DIRECTIONS FOR THIS TASK
From the records that follow, return exactly the lines beginning at the one that contains "Ekskluzywne buciki z" and ending at the one that contains "This sweater features", pictures left out.

DATASET CONTENT Block Start

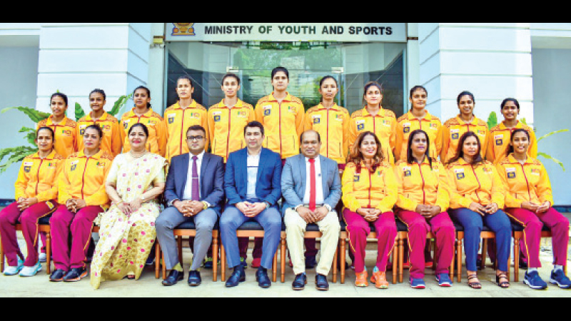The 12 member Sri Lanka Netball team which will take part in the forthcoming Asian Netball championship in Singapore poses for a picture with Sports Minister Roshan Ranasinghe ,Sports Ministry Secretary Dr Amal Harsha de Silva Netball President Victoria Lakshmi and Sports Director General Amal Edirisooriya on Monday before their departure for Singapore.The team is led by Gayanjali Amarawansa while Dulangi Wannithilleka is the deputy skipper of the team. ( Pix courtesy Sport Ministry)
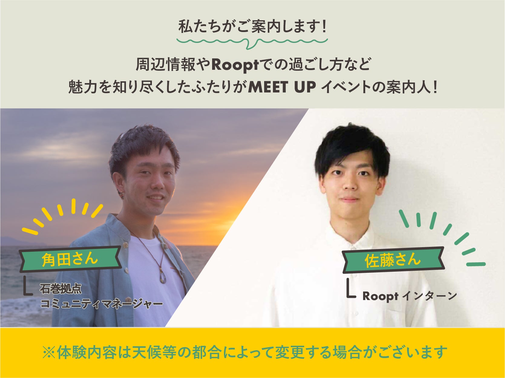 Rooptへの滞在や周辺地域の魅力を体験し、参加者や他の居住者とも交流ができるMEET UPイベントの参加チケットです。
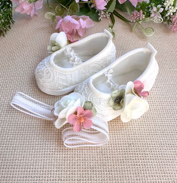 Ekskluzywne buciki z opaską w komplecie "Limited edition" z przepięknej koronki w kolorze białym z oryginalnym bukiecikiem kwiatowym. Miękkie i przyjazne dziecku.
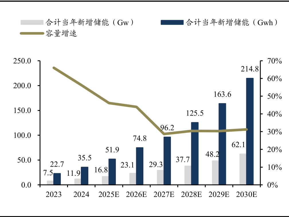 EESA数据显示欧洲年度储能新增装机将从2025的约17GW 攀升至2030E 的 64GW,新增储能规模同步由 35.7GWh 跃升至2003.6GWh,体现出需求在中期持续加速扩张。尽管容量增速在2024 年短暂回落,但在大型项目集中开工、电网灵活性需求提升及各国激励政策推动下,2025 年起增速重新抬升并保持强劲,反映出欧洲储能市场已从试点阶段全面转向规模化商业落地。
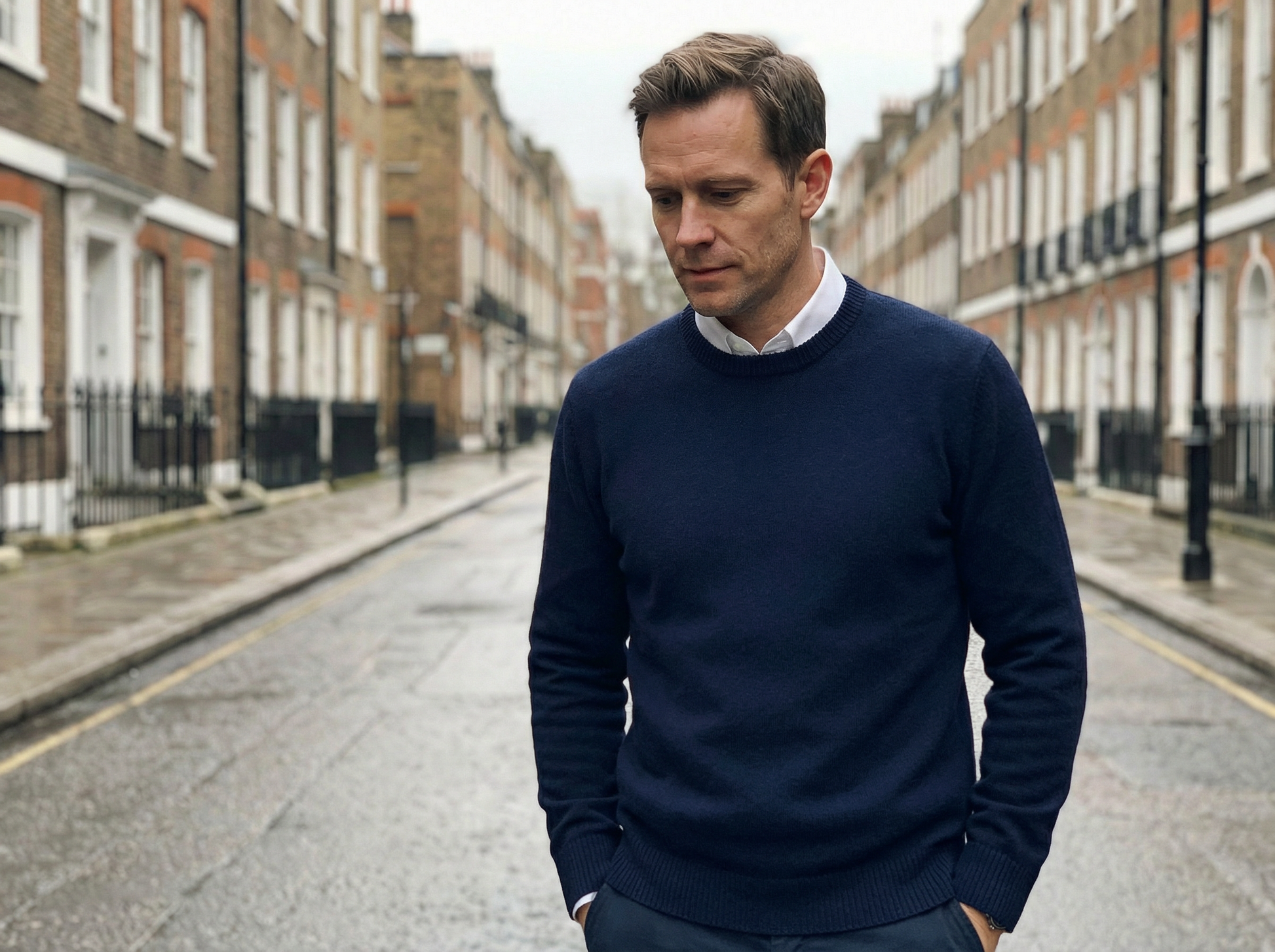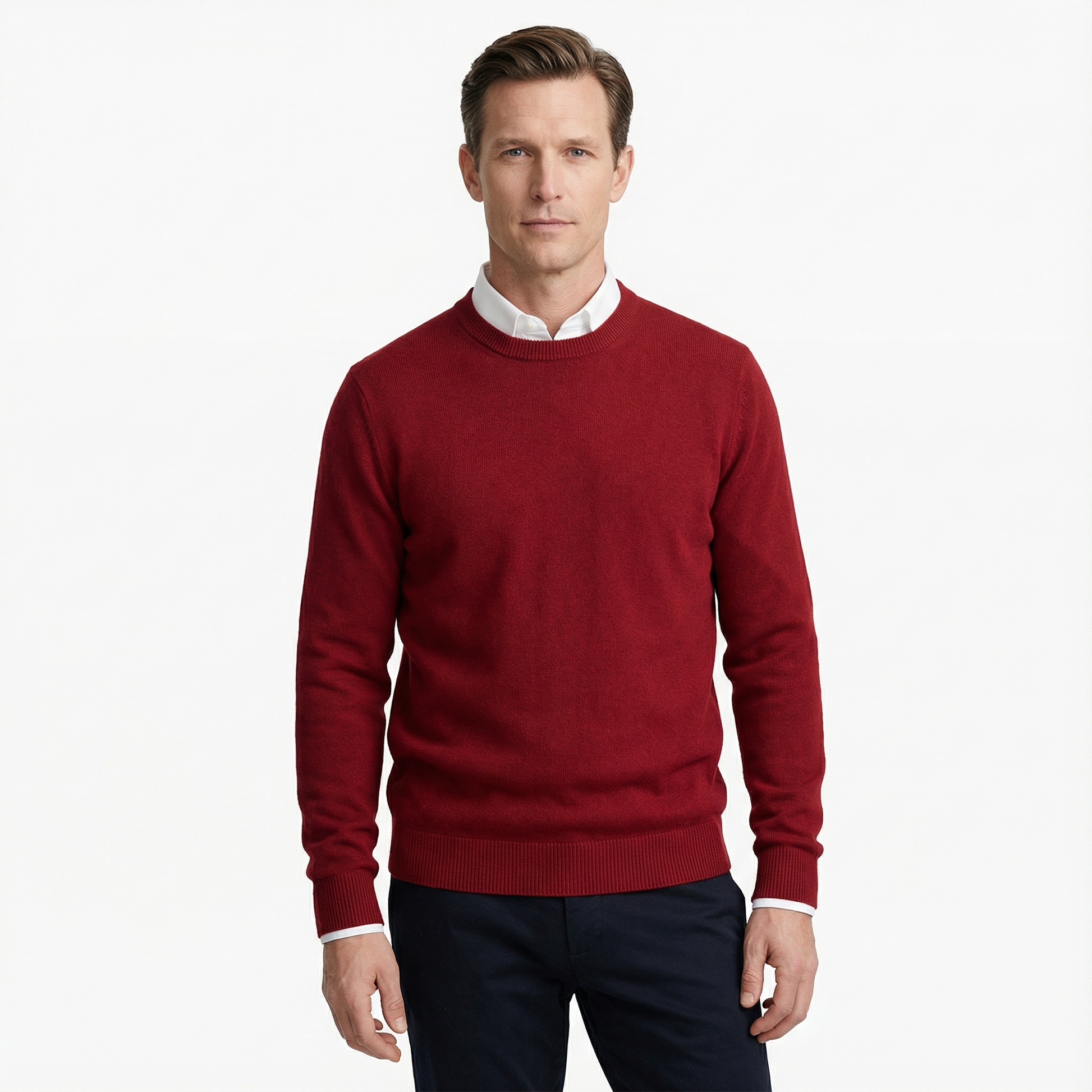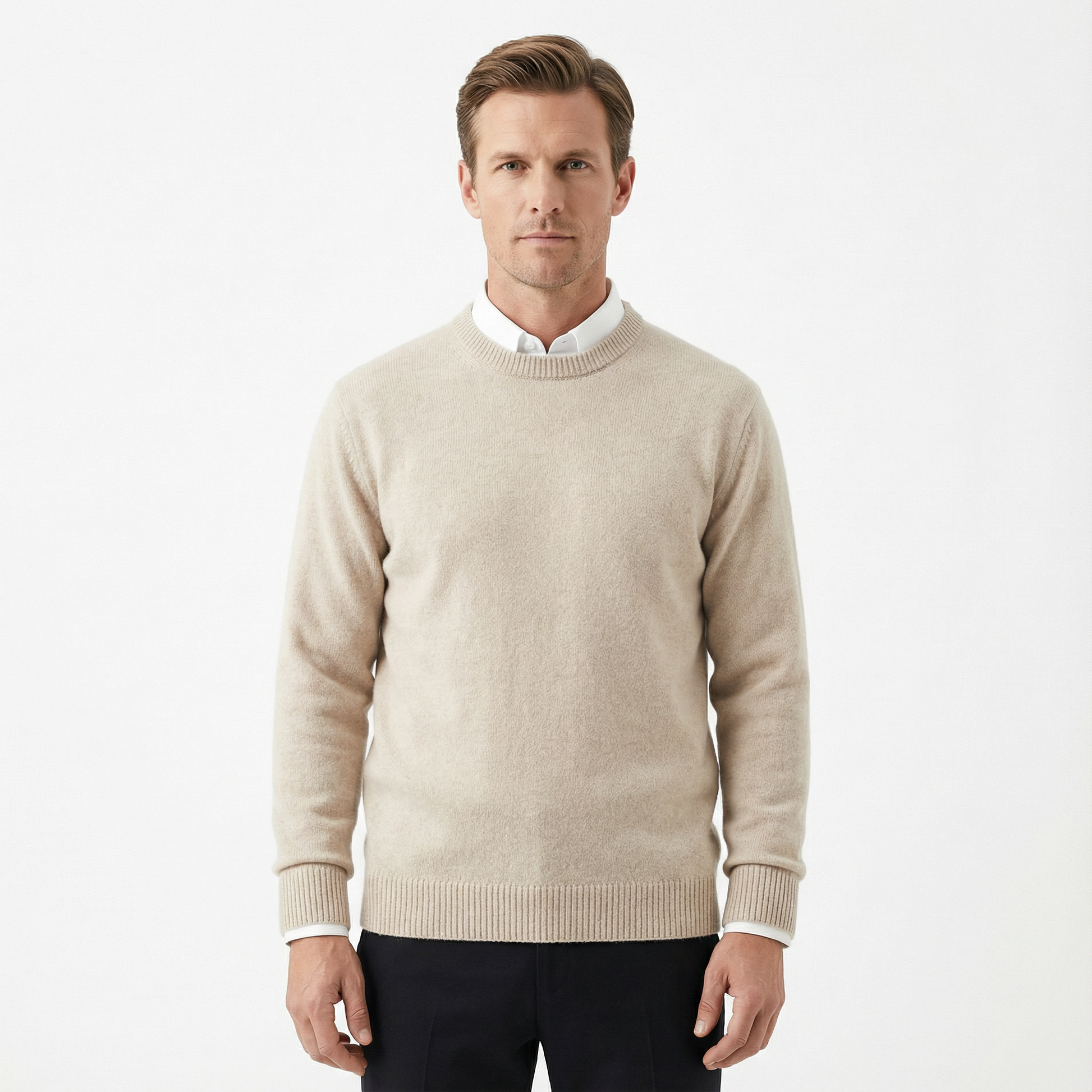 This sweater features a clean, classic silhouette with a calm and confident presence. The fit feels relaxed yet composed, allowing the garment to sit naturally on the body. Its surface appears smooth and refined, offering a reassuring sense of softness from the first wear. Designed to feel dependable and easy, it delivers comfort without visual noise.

DATASET CONTENT Block End
DATASET CONTENT Block Start

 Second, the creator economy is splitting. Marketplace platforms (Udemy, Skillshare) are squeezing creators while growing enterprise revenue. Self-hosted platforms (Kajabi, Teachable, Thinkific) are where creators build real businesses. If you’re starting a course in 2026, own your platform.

DATASET CONTENT Block End
DATASET CONTENT Block Start

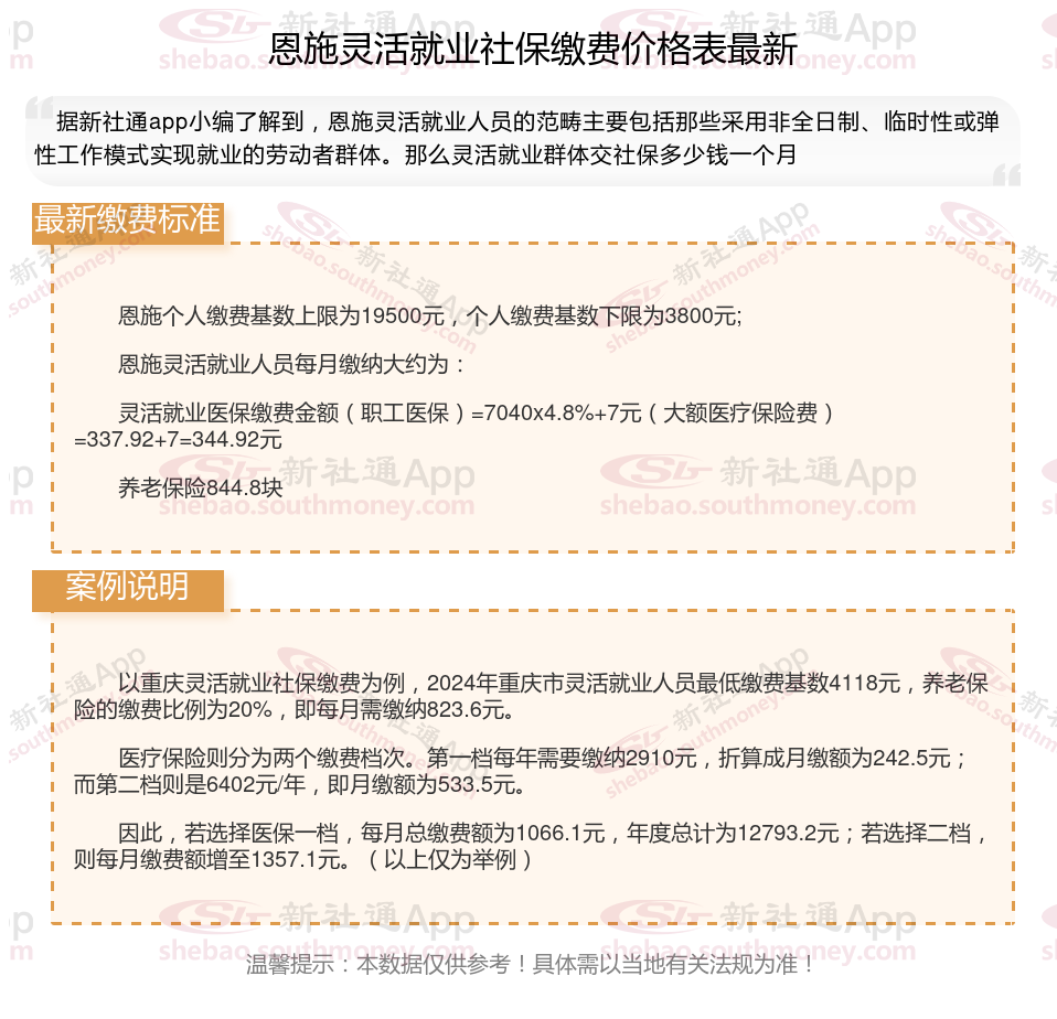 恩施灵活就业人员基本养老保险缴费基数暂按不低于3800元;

DATASET CONTENT Block End

OUTPUT OF THE EXERCISE
 Ekskluzywne buciki z opaską w komplecie "Limited edition" z przepięknej koronki w kolorze białym z oryginalnym bukiecikiem kwiatowym. Miękkie i przyjazne dziecku.
 EESA数据显示欧洲年度储能新增装机将从2025的约17GW 攀升至2030E 的 64GW,新增储能规模同步由 35.7GWh 跃升至2003.6GWh,体现出需求在中期持续加速扩张。尽管容量增速在2024 年短暂回落,但在大型项目集中开工、电网灵活性需求提升及各国激励政策推动下,2025 年起增速重新抬升并保持强劲,反映出欧洲储能市场已从试点阶段全面转向规模化商业落地。
 This sweater features a clean, classic silhouette with a calm and confident presence. The fit feels relaxed yet composed, allowing the garment to sit naturally on the body. Its surface appears smooth and refined, offering a reassuring sense of softness from the first wear. Designed to feel dependable and easy, it delivers comfort without visual noise.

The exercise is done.